Прокашлялся. Лицо сияющее, судороги с себя согнавшее, за самовар серебряный склонил. И не бездонно-недвижные уже очи с лица исхудавшего глядят. Непостижно они из адских пропастей новоузнанных мук, где пребывали, горе новое разглядывая, к Раисе милой приблизились.
– С радостью, Раиса Михайловна, дорогая. С радостью я.
Никогда еще дорогою не называл. В мечтах лишь часто. Как часто...
– Сам не раз хотел, да тоже все почему-то... Поедем. Поедем... А Макар, говорите, не хочет? А знаете, Раиса Михайловна, мы ведь и дальше Ключей поспеем, если поскорей выехать. На первый ихний большой привал.
И говорил. И она говорила.
И ангелы тихой в женщину влюбленности в хоровод пошли с ангелами православной церкви, предшествующими чудотворной иконе Божией Матери.
И Макара от коннозаводчика отодрали. Тот, вспотевший с непривычки к Макарову крику и прыганью, блаженно улыбаясь, за вино принялся, а Макар, меж женой и братом у угла стола стоя, сначала не желая в их дело вникать, коннозаводчику освобожденному через стол разные лошадные слова докрикивал, а потом, когда вникнул несколько в проект, безучастно прокричал:
– А мне какое дело! Поезжайте! Я не поеду... Только лошадей вам...
– Я достану.
То быстро Семен.
– Каких ты достанешь! Тут дормез нужен. У меня в каретнике дормеза нет. Да и на кой черт его заводить! Железные дороги теперь. А знай я, что такой случай, завел бы. Отложите на год, вот такой дормез заведу! Заказной. По легкости новый будет, по удобству – как в старину. На год отложите, что вам. Может, и сам поеду. А теперь на вольных срамиться не желаю и вам не советую... Ждать не желаете год – без меня поезжайте. Меня в таратайке извозчичьей не увидят. А городской коляски по тем дьяволовым косогорам не дам. Рытвины всюду весенние, и дорогу черти разбили до невозможности. Слуга покорный... Нет! подседы красной мазью не всегда можно. У меня Строгий...
Подавился мадерою коннозаводчик. Это к нему Макар подскочил. Начал было Макар ему новокупку свою выхвалять.
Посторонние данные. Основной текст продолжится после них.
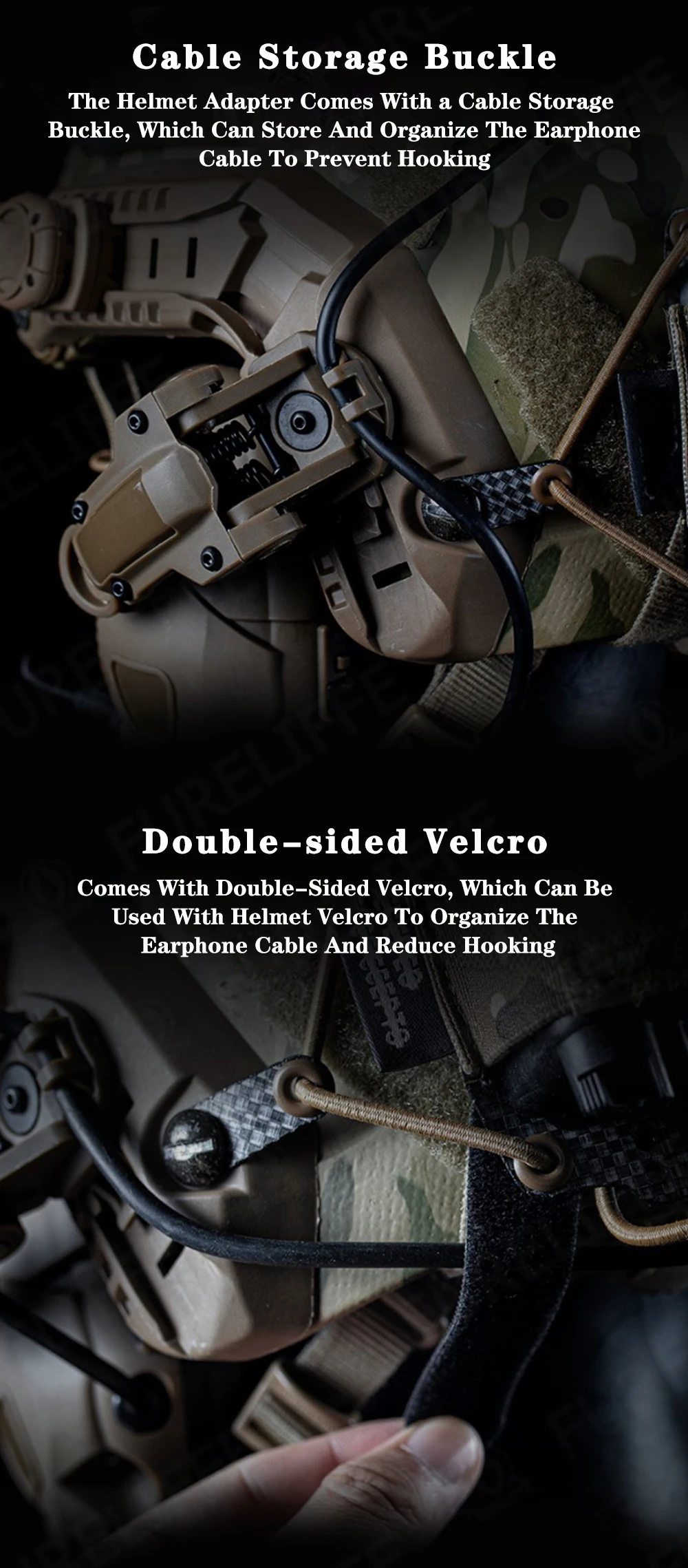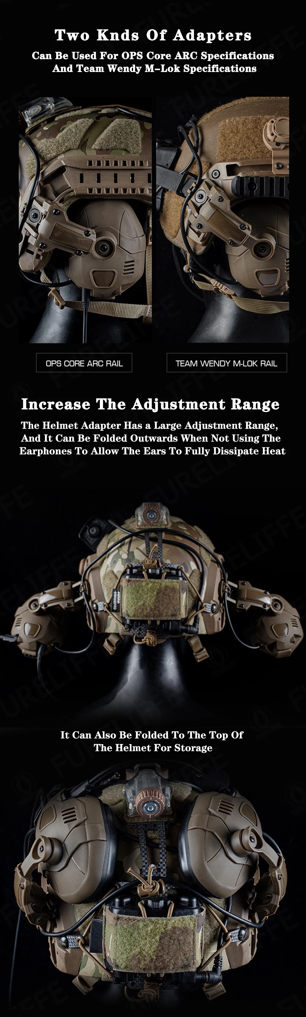 -Brazo adaptador de casco, amplio rango de ajuste, sin usar los auriculares, se puede plegar hacia afuera para que las orejas se disipen completamente del calor y también se puedan plegar hasta la parte superior del almacenamiento del casco.

– Ничего, что час поздний, с балкона поглядите...
Но заезжий стал решительно прощаться.
Когда ушел тот, – дурак обыкновенный! – сказал Макар и принялся с хозяйственной улыбкой угощать шампанским вином дуру махровую, Настасью, генеральскую дочь, а супруга ее, несчастного умного дурака, поддразнивать дормезом.
– Не достать тебе в два дня нужного экипажа. А коли бы я ехать решил, не в два, так в четыре бы непременно бы устроил. Маркову в Москву телеграмму за телеграммой. Из чего ни на есть, а дормез бы приличный составили. Ну, да ты этого дела не знаешь.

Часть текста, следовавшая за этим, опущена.